Responsibilities
- Possesses in-depth knowledge of the pharmaceutical sector, medical affairs operations, and criteria for health technology assessments.
- Has sufficient methodological expertise to supervise systematic literature reviews covering clinical, economic, or health-related quality of life outcomes.
- Identifies key factors affecting evidence integration and clearly conveys them in project documents such as feasibility assessments and analysis plans.
- Produces polished, client-ready materials including study protocols, statistical analysis plans, technical reports, and presentation slides.

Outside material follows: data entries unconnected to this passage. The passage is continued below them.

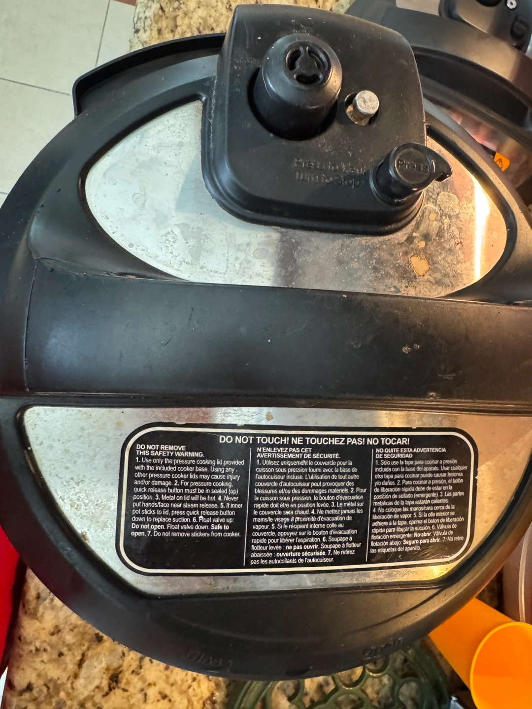 Giving away a pressure cooker lid. Please note the safety warnings and instructions on the lid. It's important to use only the pressure cooking lid provided with the included cooker base to avoid injury or damage. When pressure cooking, make sure the quick release button is in the sealed (up) position. Be careful, as the metal on the lid can get hot. Also, avoid placing hands or face near the steam release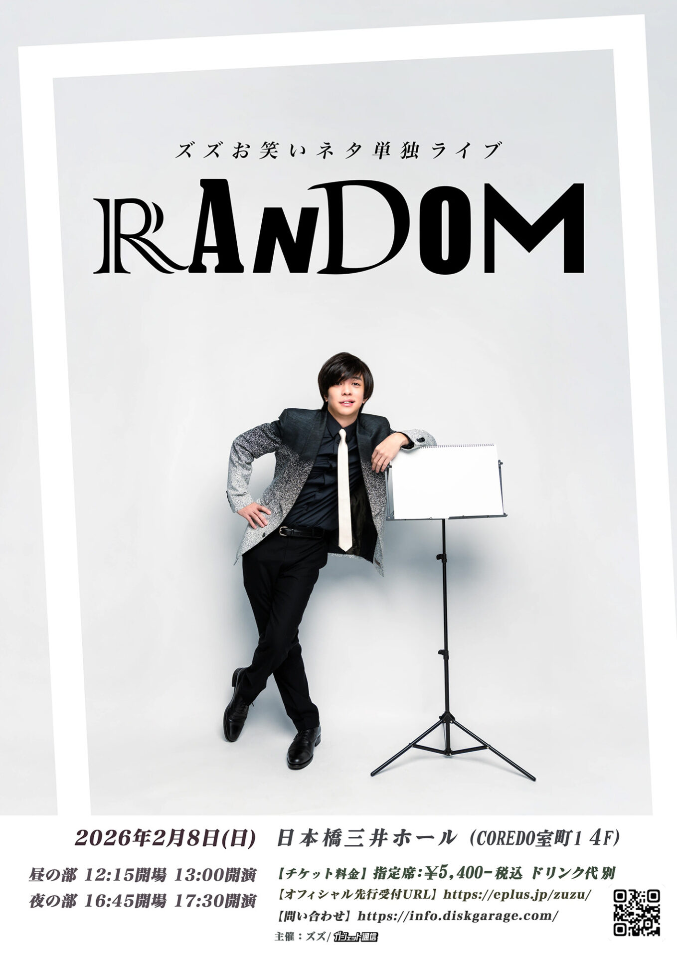 株式会社REJECTが運営するeスポーツチーム「REJECT」所属のストリーマー・ズズさんによるワンマンライブ「ズズ お笑いネタ単独ライブ “RANDOM”」が、2026年2月8日(日)に日本橋三井ホールで開催されます。
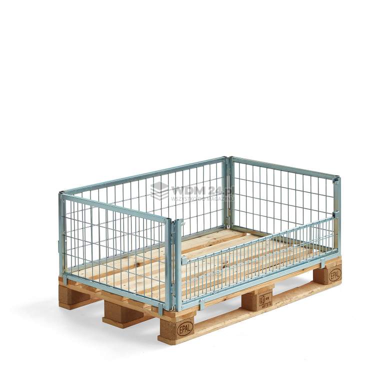 Trwały kosz paletowy EURO. Na jednym z dłuższych boków znajduje się furtka, która zapewnia łatwy dostęp do zawartości. Ułatwia załadunek i rozładunek towarów. Kosze można ustawiać w stos, nawet gdy paleta jest załadowana, jeśli używane są narożniki. Nasadzana rama paletowa to sprytne rozwiązanie do magazynów, warsztatów i innych środowisk, gdzie obsługiwane są towary przed wysyłką do klienta. Nasza rama nasadzana pasuje do palet EURO i jest łatwa w montażu. Rama jest składana i łatwo ją zamontować oraz zdjąć, gdy nie jest potrzebna.
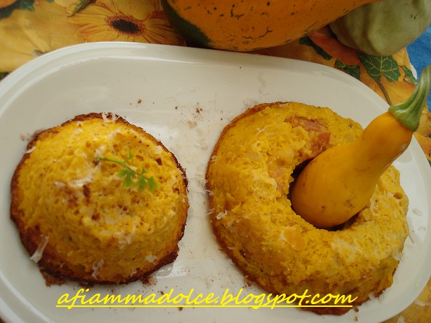Questo tortino è salato e quindi favolosoooooooooooooooooo!!!! Non che non mi piaccia la zucca nei dolci ma quando la trovo nelle preparazioni salate mi rinvigorisco! Baciiii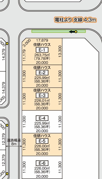 E-1(909-130)北西角 79.78坪1,340.3万円 E-2(909-131)西 68.36坪1,080万円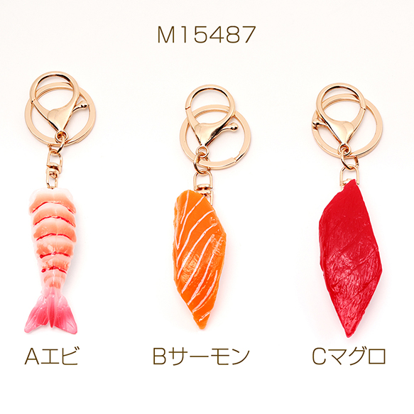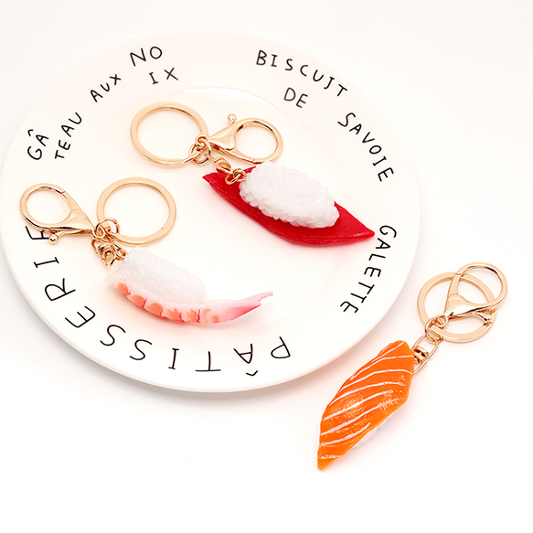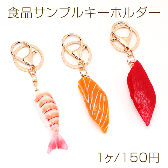 食品サンプルキーホルダー エビ サーモン マグロ 海老 鮭 鮪 にぎり寿司 食べ物 ミニチュア 全3種(1ヶ)

- Engages in short-term resource planning discussions to support project needs.
- Coordinates with team members to manage delivery of project components while maintaining high-quality standards.
- Supports on-time execution and financial accountability for assigned projects or subcomponents.
- Estimates effort requirements, proactively identifies potential obstacles, and communicates adjustments and solutions to project leads when needed.
- Reviews study update materials such as slides and meeting minutes, serving as an independent scientific voice visible to the client.
- Takes the lead on client communications, including calls and emails, while involving senior experts when necessary.
- Develops growth plans and provides mentorship to direct reports.
- Assists in creating proposals and presentations under the guidance of senior team members.
- May attend new business meetings, including those focused on generating innovative research concepts.
Work Arrangement
Remote (Worldwide)
Team
Multi-level team structure with collaboration across sophisticated evidence synthesis projects.
Other
- Work 100% remotely from Canada or the US.
- Culture is similar to that of a start-up, but in a well-funded established global portfolio organization.